Placés en garde à vue lundi, le grand frère et la grande soeur, tous deux majeurs, ainsi qu’une tante de la victime, âgée de 12 ans, devaient être jugés ce mercredi en comparution immédiate pour violences aggravées et vol en réunion, a-t-on appris de source judiciaire.

Les trois prévenus, placés sous contrôle judiciaire, ont obtenu un délai pour préparer leur défense.

Selon Me Karine Bourdié, le soir de l’agression de leur soeur et nièce, ses clients avaient reçu des coups de téléphone « de menaces et d’insultes » de la part de l’une des assaillantes présumées. Ils se sont alors rendus à son domicile « pour apaiser les choses et parler », selon Me Bourdié, avant que la rencontre ne s’envenime devant l’impossibilité de dialoguer.

L’adolescente, brièvement hospitalisée après l’altercation, et sa mère, également présente, s’étaient vu prescrire respectivement sept et deux jours d’ITT.
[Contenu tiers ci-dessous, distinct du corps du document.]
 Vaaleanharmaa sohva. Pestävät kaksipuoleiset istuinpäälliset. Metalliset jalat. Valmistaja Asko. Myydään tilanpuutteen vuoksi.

Mardi dernier, alors qu’elle rentrait du collège à pied, une jeune collégienne avait été prise à partie par un groupe d’adolescentes qui la menaçaient et lui soutiraient de l’argent depuis septembre.
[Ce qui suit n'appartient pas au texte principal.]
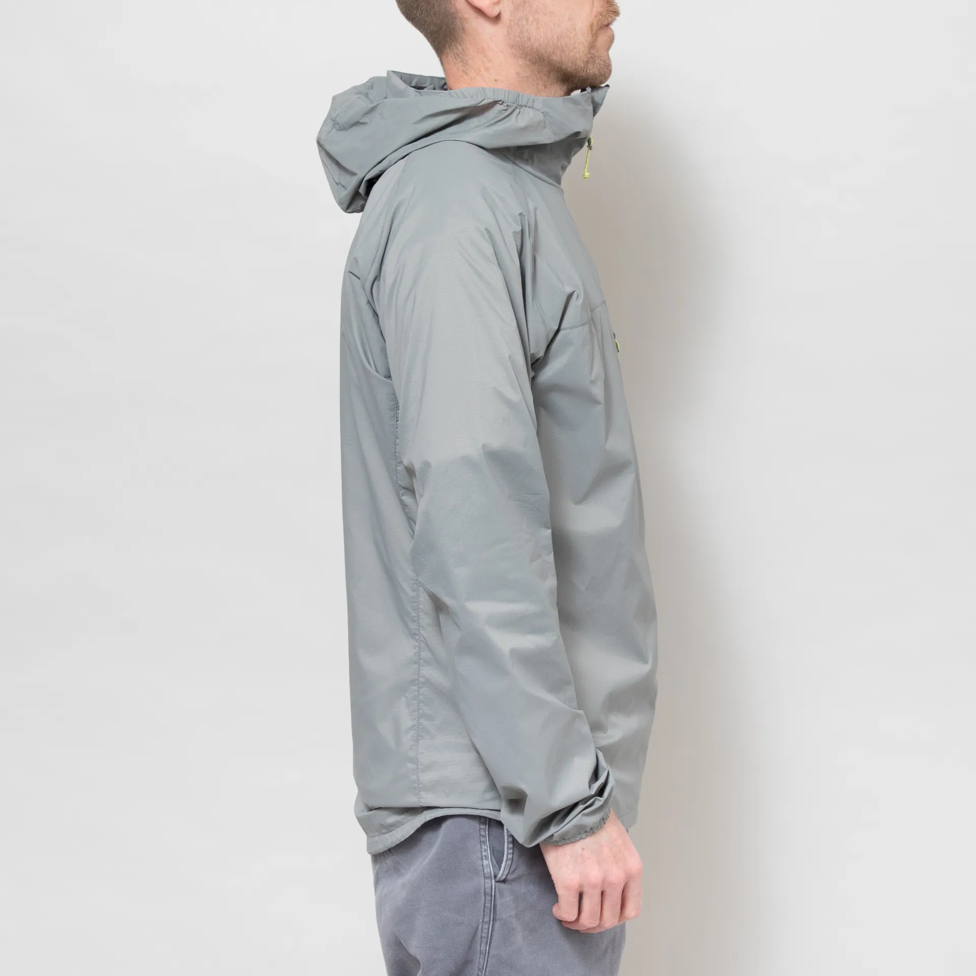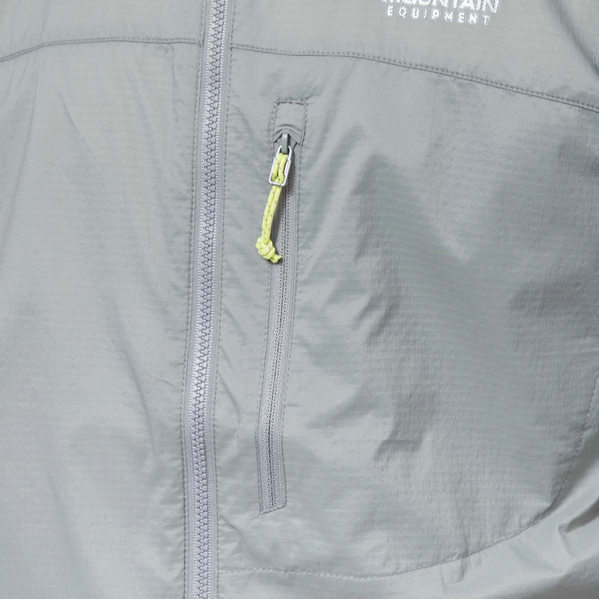 A windproof jacket from Mountain Equipment, constructed from ultralight EXOLITE soft shell, a double weave fabric that's tough and stretchy.

Cette fois, les invectives et les brimades avaient laissé place à de véritables sévices: sous la menace d’un couteau, la jeune fille avait été à moitié dévêtue, frappée, brûlée avec des cigarettes et ses cheveux coupés. Dix jours d’ITT lui ont été prescrits.

Dans ce premier volet de l’affaire, au moins trois adolescentes âgées de 13 à 15 ans ont été mises en examen pour extorsion de fonds avec arme, violences en réunion avec arme et enregistrement de la scène. Elles ont été placées sous contrôle judiciaire avec l’interdiction de se rendre dans le Val-de-Marne.
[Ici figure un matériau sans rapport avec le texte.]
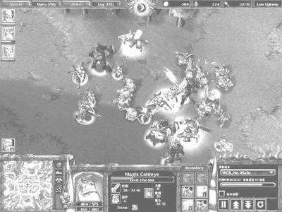 这时disgust还有5个骑士、3牧师、2步兵,并有两个狮鹫房在暴狮鹫,外加3级山丘和4级大法师,而wcb却有3个牛头人、4萨满、5巫医,另有一个4级剑圣、3级牛头人酋长和一个3级先知,但是由于他并没有开分矿,所以对于两片矿的人类来说有经济优势,而且刚才的突击中人类摧毁orc的3个地洞使得orc的人口为60/30。虽然orc占了暂时的兵力优势,但是如果打持久战却对他不利,所以wcb在用镜像杖复制了3个牛头人后纠集所有的部队冲向人类的基地。这时造在分矿口的农场起到了重要的侦察和拖延敌人攻击的作用。大法师马上去商店抢了两个治疗卷轴,打算截住wcb的队尾。disgust将骑士横向拉开绕道去围对方的先知,wcb马上将先知往后拉并且快速的调整阵形,如图3。大法师马上使用亡灵之书补充兵力,在混战中disgust的山丘发挥了极大的作用使用雷霆一击,降低orc部队的作战能力,而大法师则用暴风雪猛砸对手的萨满,最后先知在山丘的风暴之锤和骑士的猛攻下终于成佛升天回祭台了。

Soupçonnée d’avoir pris part à l’agression, l’adolescente victime des représailles, absente de l’audience, « devait être entendue en garde à vue », a indiqué une source judiciaire, sans donner de précisions.

« Nous allons nous constituer partie civile pour avoir accès au dossier car nous ne savons toujours pas combien de personnes ont été mises en examen », a souligné de son côté Me Bourdié.